Director and Officer Protection
Our team is keenly aware of the dangers that security breaches pose to an organization as a whole, as well as the exposure of directors and officers in the event of such breaches. Therefore, a fundamental part of our practice is regularly counseling directors and executive officers on what they do and don't need to know, what the risks are of not knowing, and procedures and tips for how to stay educated and abreast of regulatory and hostile technology developments within and outside of their organizations. Whatever the risk profile of the company, we help ensure that the individual directors and officers are taking appropriate measures to faithfully fulfill their fiduciary duties, thereby protecting themselves as well as the companies they represent.
Areas of Experience
- Comprehensive Information Governance program development
- Data breach compliance, response and remediation, including media relations
- Proactive data protection audits
- Cross-border data transfer compliance, including the EU/U.S. Privacy Shield
- M&A/private equity counseling
- Vendor contract development and negotiation
- Privacy policy management
- HIPAA and state health records laws
- Cyber insurance counseling
- Legislative tracking, analysis and lobbying (in partnership with McGuireWoods Consulting)
- Forensics and technical systems planning (in partnership with forensic consultants)
- Cybersecurity crisis management
Included in team member credentials are:
- Chair of the firm’s transactional Intellectual Property practice. Her experience includes auditing and evaluating client data security policies, drafting website privacy policies, negotiating cloud computing agreements from both the vendor and customer perspectives, and providing support in the aftermath of a data breach, including compliance with breach-notification laws.

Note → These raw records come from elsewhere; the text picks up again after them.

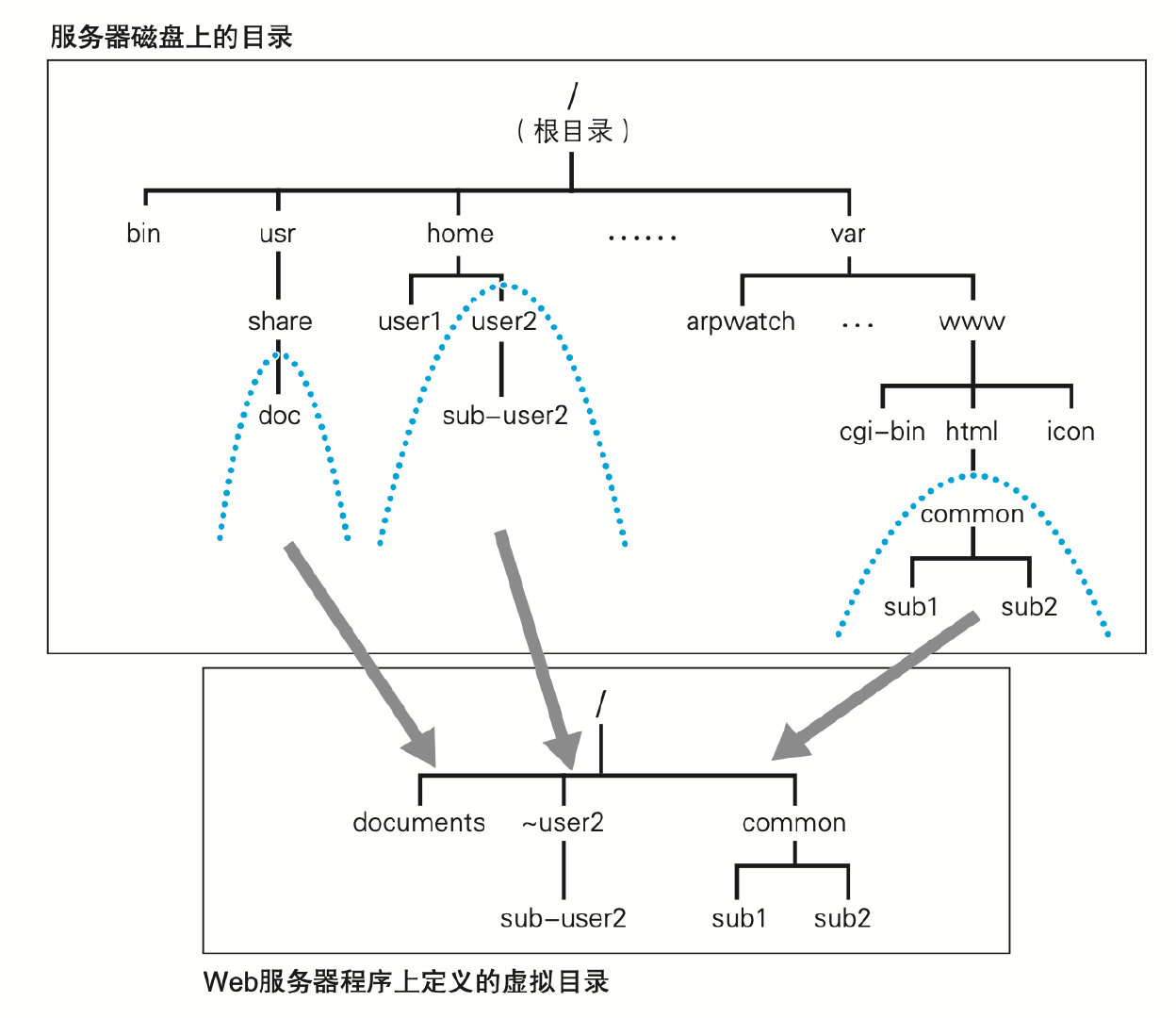 web服务器公开目录和实际目录不一样,是一个虚拟目录,实际目录映射成这个目录的
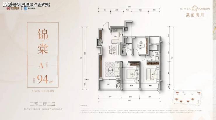 建面约94㎡三房,三开间朝南 + 1.5米进深阳台,玄关“深U空间”可嵌入双开门冰箱,小户型也能实现极致收纳;
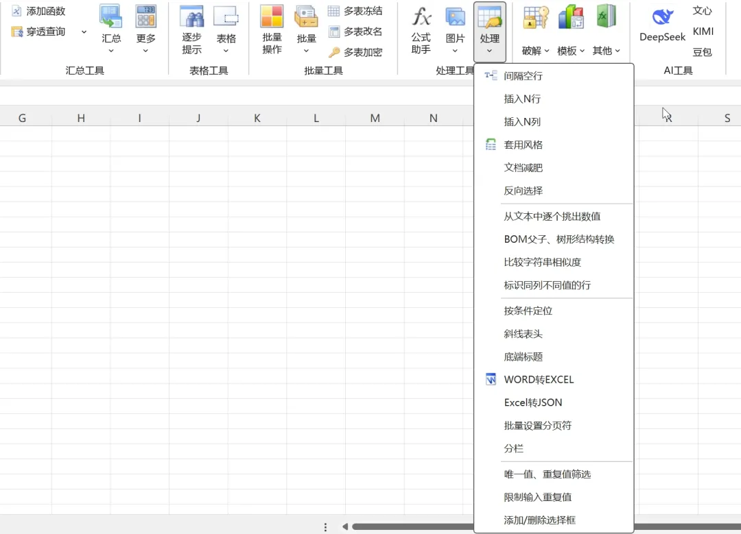 在处理工具中可以一键高清截图、添加水印、屏幕取色、间隔空行、插入N行N列、word转excel等。
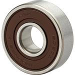 ベアリングの中で最も多方面に活用されている深みぞ玉軸受。深溝玉軸受は、内輪・外輪とも軌道は円弧状の深い溝になっておりラジアル荷重、両方向のアキシアル荷重、又はそれらの組合せである合成荷重を受けることができ、高速回転にも適しています。シールド形は、鋼板に合成ゴムを固着したシール板を外輪に固定しシール先端部は内輪シール面のV溝側面に接触している。
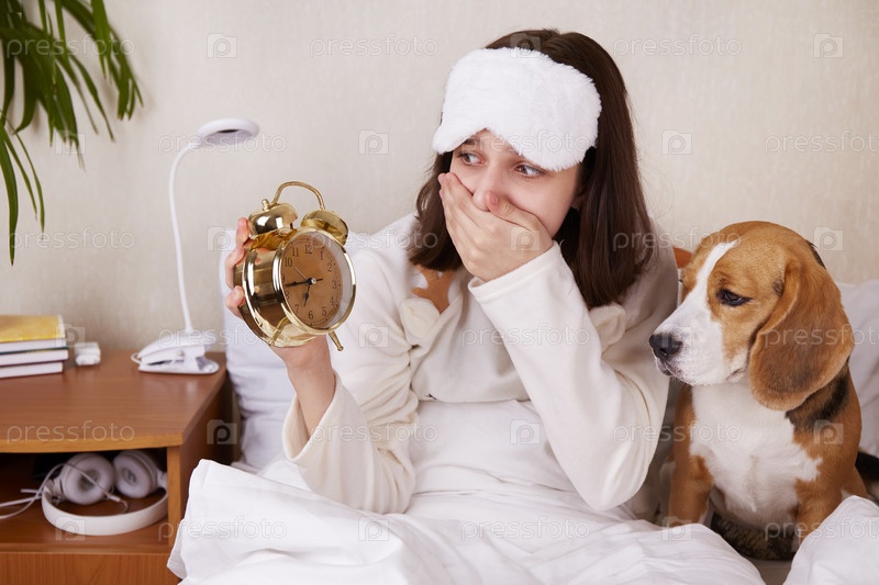 Милая девочка-подросток со своим псом-биглем лежит в постели под одеялом
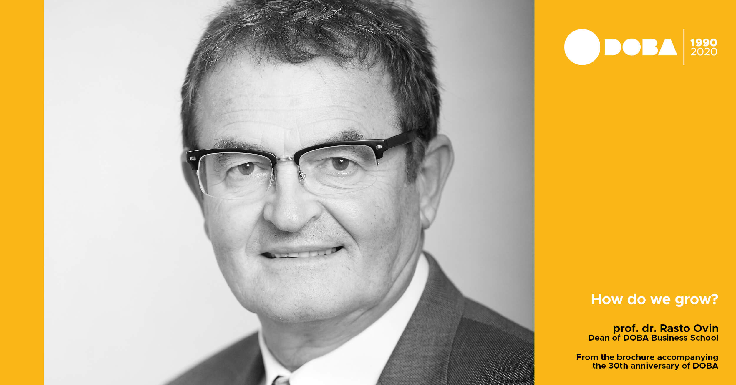 »The same as all great projects, DOBA Business School has its name. From the very beginnings thirty years ago until today, Jasna Dominko Baloh, Director of the DOBA Group, never stopped searching for new challenges and striving for higher standards, a fact attested to by the information provided in this brochure. It is an honour that we can be the stakeholders in this great project, which, in addition to knowledge, lets us know that change is the only constant of quality and growth.«
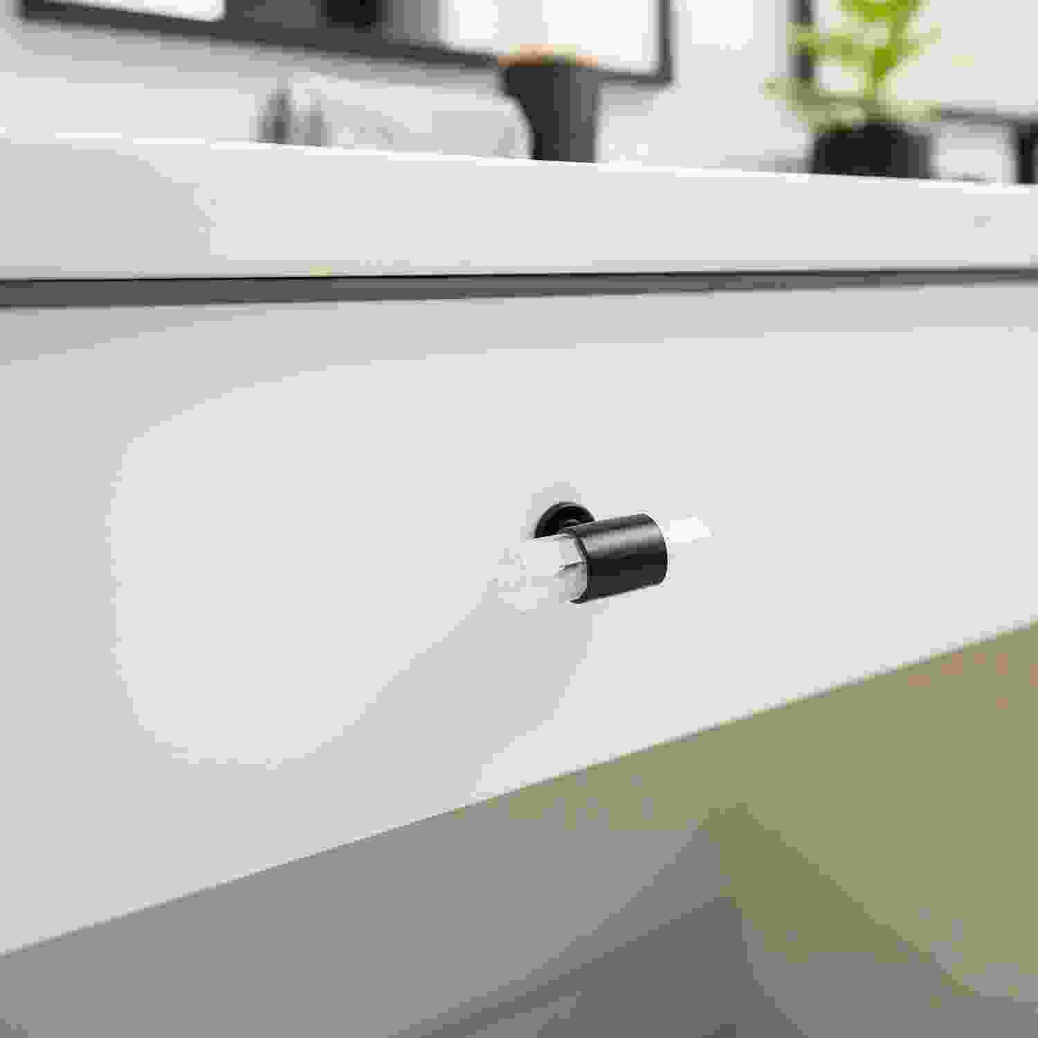 The Satin Nickel finish coordinates with most silver finishes including Stainless Steel. The warm silver tone features lengthwise brushing and a glossy protective coating that is softly reflective. The crystal is a semi-transparent white color with naturally occuring organic veins.

- Two Brussels-based partners are members of the European Privacy Association (EPA), a pan-European network of privacy, data protection and security experts, which works closely with the EU institutions. These partners both have experience in all privacy-related issues involving national data protection authorities and EU institutions, as well as broad experience in regulatory issues such as cloud computing, data transfers, coordination with foreign discovery or antibribery teams, interactions with intellectual property rights, re-use of public sector information, employee monitoring, and privacy audits.
- A London-based partner with extensive experience in European regulatory issues, including data protection and security; cross-border data transfer; privacy; encryption; export controls; technology and EU public procurement regulations. One recent focus has been on technology transfer and regulation in the banking and financial markets sectors.
- Chair of the firm’s Supply Chain practice, an experienced data privacy and security lawyer, who routinely counsels clients on protective measures to employ in the construction of policies and critical contracts in order to prevent security breaches, investigations, lawsuits and similar harmful events. He focuses on a variety of matters, including data storage, cloud computing and social-media risks and has particular knowledge of the Payment Card Industry Data Security Standards.
- Fifteen members who hold either the CIPP/U.S. or CIPP/E certification as Certified Information Privacy Professionals from the International Association of Privacy Professionals (IAPP).